• [Available data]:
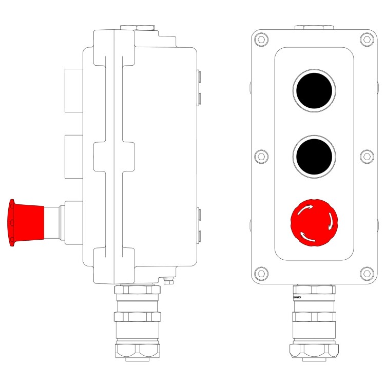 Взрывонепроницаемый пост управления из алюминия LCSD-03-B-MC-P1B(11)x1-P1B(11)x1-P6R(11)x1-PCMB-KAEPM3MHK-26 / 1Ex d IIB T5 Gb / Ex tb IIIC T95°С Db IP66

---

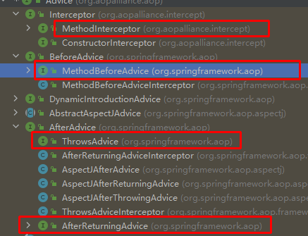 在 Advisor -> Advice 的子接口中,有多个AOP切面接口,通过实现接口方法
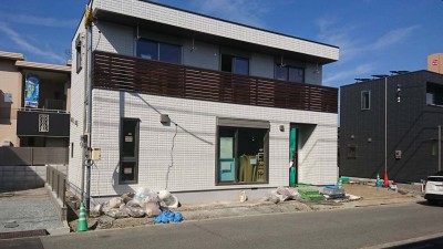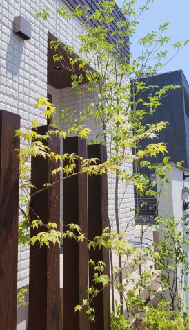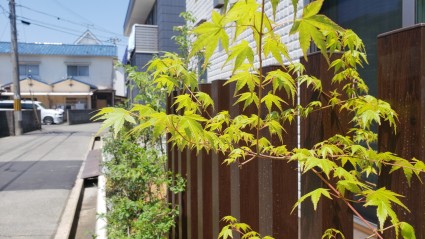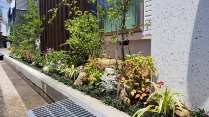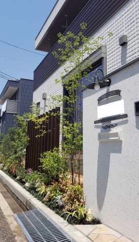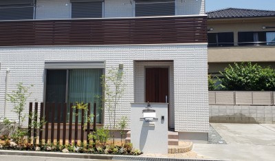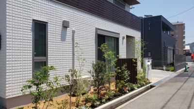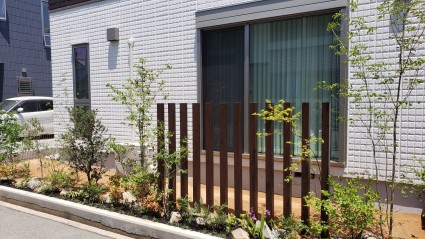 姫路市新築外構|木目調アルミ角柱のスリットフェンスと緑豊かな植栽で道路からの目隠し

• [Task details]: Above are records; write out the lines from the one with "在 Advisor ->" down to the one with "姫路市新築外構|木目調アルミ", exactly, leaving the pictures out.

• [Task output]:
 在 Advisor -> Advice 的子接口中,有多个AOP切面接口,通过实现接口方法
 姫路市新築外構|木目調アルミ角柱のスリットフェンスと緑豊かな植栽で道路からの目隠し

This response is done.